NordVPN operates under the jurisdiction of Panama and will not comply with requests from foreign governments and law enforcement agencies. We are 100% committed to our zero-logs policy – we never log the activities of our users to ensure their ultimate privacy and security”.
Is there any point to Warrant Canaries? Well…
VPNs are companies that rely on their ability to offer users privacy and anonymity when they browse the web. That is because warrant canaries are useful elements to the experience: they indicate that the service has not received any petitions to share information about the users’ performance and usage. However, let’s be clear, most of the biggest VPNs don’t have warrant canaries because they don’t need them. They have good legal terms and teams.
A subpoena or a warrant is the equivalent of demand of disclosing information about one or several users of a VPN service. If a provider received such notification, it would be under an obligation of complying and facilitating the government or agency what they may need, so having a canary gives the user a sense of security when browsing the web with that VPN. It is beneficial to the user when a VPN or a site that they use has a canary because it shows that the matter is relevant to them. At least they are concerned about your privacy! If a page doesn’t have a canary, privacy-aware customers could believe that they are feeding information about the users’ logs and activity to authorities.
Warrant canaries are somewhat beneficial because they can serve as an indirect warning that something is going on. Companies use this tool to show that they are reliable and responsible and that they care about the privacy of its clients. What brings peace to everybody’s minds, though, is the constant update of these canaries. But a lot of that time, that might not even happen!
Warrant Canaries – Not that Useful After All?
There are many situations in which warrant canaries can’t be trusted–which makes them in most ways, a bit useless.
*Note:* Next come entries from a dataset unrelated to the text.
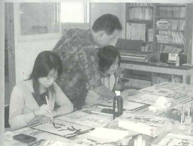
△ボランティア講師を招いて(書道)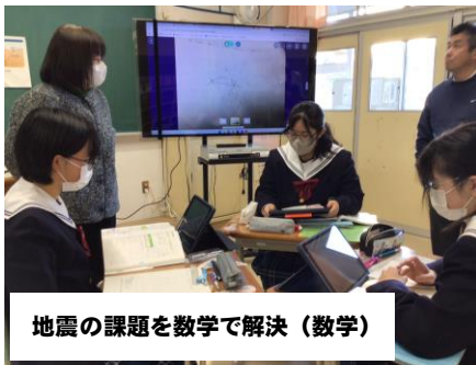
地震の課題を数学で解決（数学）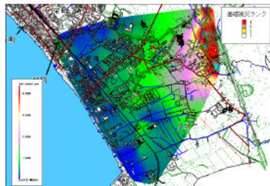
地殻の変動量(GISマップ)

活用方法・成果 火山災害によりリスクマップ(被害予測図)の作成や、道内の活火山の防災対策に活用していきます。また、本研究成果を更に発展させた研究を今年度から実施予定です。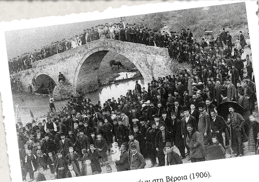
Γιορτή των Θεοφανίων στη Βέροια (1906).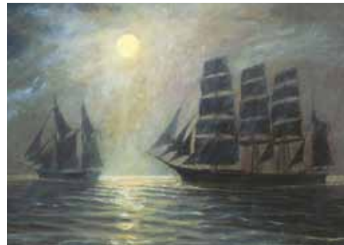
9. Kuutamolla - I månskenet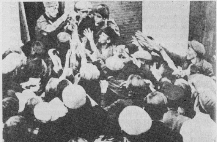
"Warschau 8.10.1939: Getreu den Kapitulationsabmachungen verteilen deutsche Truppen Lebensmittel an die hungernden Bewohner der Hauptstadt"

Janusz Piekalkiewicz "Polenfeldzug", Bergisch Gladbach 1982, S. 230.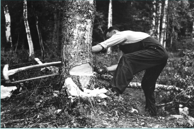
Kuvassa 3 on menossa koivunkaato pokasahalla.

Mottitalkoot-opas, jossa oli tietoa talkoolaisten oikeuksista, talkoometisen ja työvälineiden hankkimisesta, tapaturmakorvauksista, kuljetuksesta, muonituksesta sekä mottitalkoiden taloudenhoidosta. Hakkauttajan maksama työpalkkaa vastaava korvaus maksettiin lyhentämättömänä Asevelikassaan. Talkoolainen sai myös lunastaa hakkaamansa motin itselleen, mutta ei myyntiin.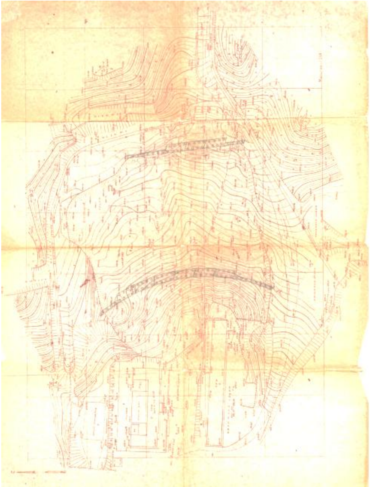
სურ. 2.1. ნაბურღ-ნატენი ხიმინჯების განთავსება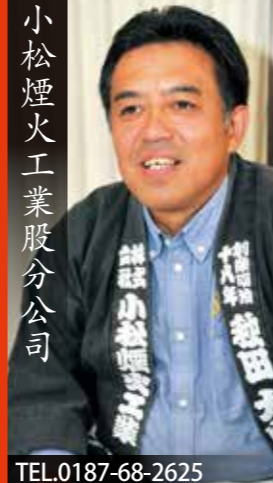
小松煙火工業股份公司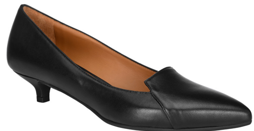
Pump black nero nappa.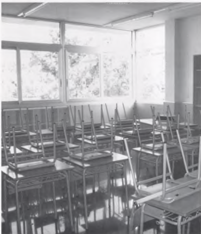
LES AULES NOVES QUE S'HAN CONSTRUÏT.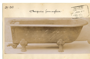
modèle n° 258 d'une baignoire de forme anglaise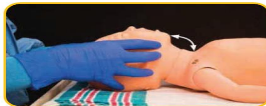
شکل ۷.۳. وضعیت درست بوکشیدن

-استفاده از یک بالش تک مخصوص در صورت اینکه استخوان پس سر نوزاد بزرگ باشد.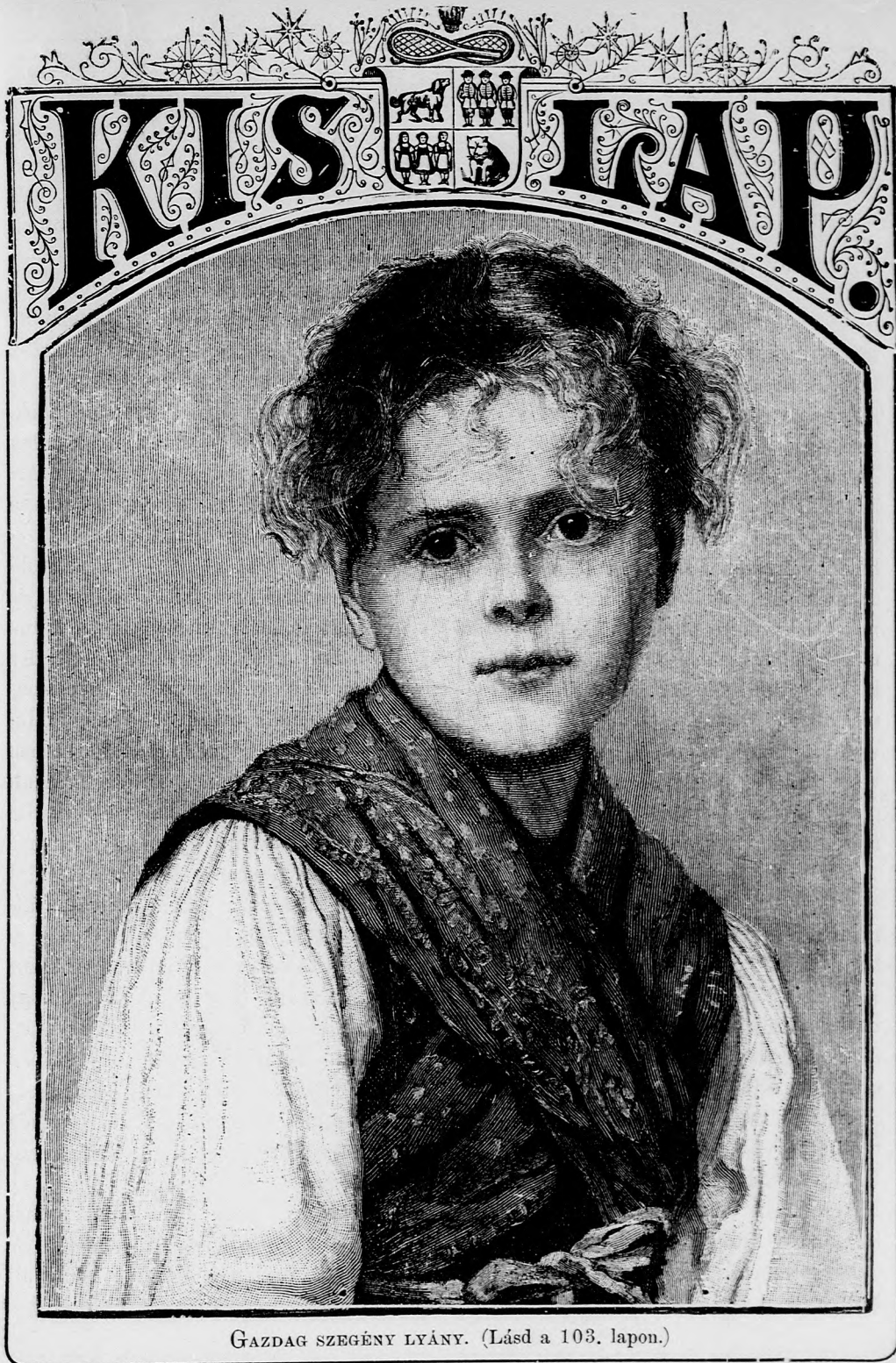
GAZDAG SZEGÉNY LYÁNY. (Lásd a 103. lapon.)

Of course, a VPN provider may claim that it will publish a relatively frequent warrant canary in its site. It is a good idea on the surface, and people will think that they don’t keep logs of users’ activity, or they won’t comply with subpoenas, warrants or other law enforcement agencies’ petitions. However, numerous people have come to doubt the real substance behind warrant canaries. The use of warrant canaries has never endured a legal scenario. In fact, Australia has outlawed them, and the UK could follow soon.
On the other hand, there is the possibility that, depending on the situation and country, governmental authorities take over a web page and the latter issues false updates, misleading users with a fake warrant canary, although securing it with a PGP key is supposed to alleviate those concerns, at least in theory.To convince people of the authenticity of the warrant canary, some sites make multiple high ranked officials within the company digitally sign the declaration, to avoid bribes, for the most part, to give away any security or PGP keys.
The primary issue for users that worry about privacy, however, is that when the warrant canary of a website (especially if it has been up for a long time) disappears – this is called “triggering” it within the industry – no one seems to notice or even care. That is worrisome since the details of hypothetical warrants or subpoenas are not public: they could be forcing the VPN service to provide information of a single, specific user, or they could all be involved in the investigation, so the agency gathers data and activity from every customer.
In conclusion, government meddling has created the need for introducing warrant canaries in VPN services. But not every provider has adopted the measure, because warrant canaries, when comes push to shove, have many flaws and aren’t that useful.